8. The informant has further stated at para-5 of his evidence that the kerosene oil is distributed on the orders and in presence of the Vigilance Committee. The evidence of the President and Members of the Vigilance Committee is relevant to be noticed. The D.W.2, who is the President of the Vigilance Committee has deposed that the 700 liters of the kerosene oil was distributed by the appellant on two dates i.e. 7.4.86 and 8.4.86 in the presence of him and the members of the Vigilance Committee. The D.W. 3 who is a Member of the Vigilance Committee has also testified that the 700 liters of the kerosene oil had been distributed by the appellant on 7.4.86 and 8.4.86 in his presence. The D.W.1 who is a villager has testified that he had purchased two liters of kerosene oil on 7.4.86 from the appellant. The defence has proved the distribution register (Ext.C) which mentions the signature and L.T.I. of the villagers to whom the 700 liters of kerosene oil had been distributed on sell and the register also mentions the signatures of the resident and members of the Vigilance Committee out of whom the D.Ws. 2&3 have deposed before this court that distribution was made in their presence.

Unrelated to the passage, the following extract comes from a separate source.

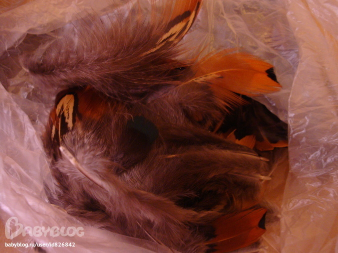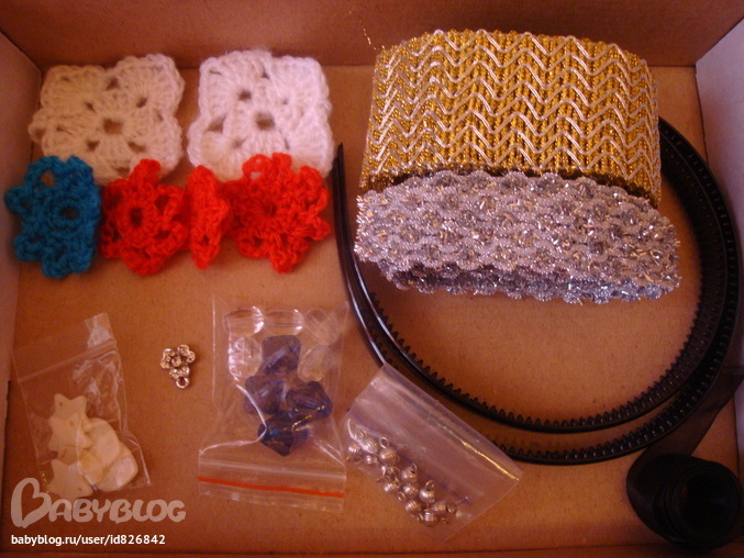 Описание:6 цветочков вязаных крючком, 2 тесьмы - золотистая (примерно 2 метра) и серебристая (около метра), 2 черных обруча-основы, пакетик перломутровых плоских бусин, пакетик пластмасовых бусин - белых и синих, маленькая подвесочка-цветочек с камушками, тесьма черная прозрачная (около метра), пакетик соединительных бусин металлических, пакет настоящих перьев фазана

Considering this evidence. I find that the prosecution story that the appellant did not sell the 700 liters of the kerosene oil to the ration card holder is not believable.

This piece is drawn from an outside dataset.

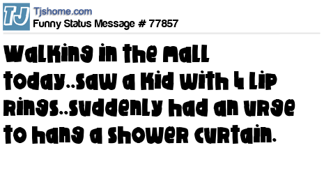 X walking in the mall today..saw a kid with 4 lip rings..suddenly had an urge to hang a shower curtain.

9. The informant deposed at para-2 of his evidence that he had seized the kerosene oil register and stock register. The I.O. (P.W.2) at para-1 also deposed that he had recorded the statement of the informant and he had also seized some register given by the informant. Thus, admittedly according to the prosecution case the appellant's register was seized by the informant which was given to the I.O. During trial the prosecution did not produce any such register. The learned A.P.P. could not give any satisfactory reply about non-production of the register seized by him. In such view of the matters an adverse inference has to be drawan against the case of the prosecution that the register if produced would have gone against the case of the prosecution, hence, it was not produced by the prosecution.

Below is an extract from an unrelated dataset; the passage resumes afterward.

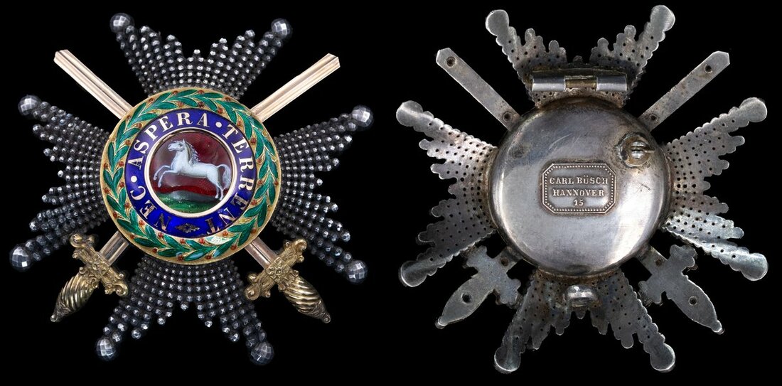 (x) The Royal Guelphic Order, K.C.H. (Military) Knight Commander's (K.C.H.) breast Star by Carl Busch, Hannover, 71mm, silver, silver-gilt and enamel, lacking retaining pin, some minor chips to wreath but otherwise very fine

10. Thus, considering the evidence brought by the prosecution and also considering the evidence put forth by the defence, I find that the prosecution case is highly doubtful and prosecution has not been able to bring whom the charges levelled against the accused. Therefore the appellant is acquitted of the charges. Accordingly, the order of conviction as passed by the learned Special Judge is hereby set aside. The appeal is allowed. The appellant is discharged from his liability.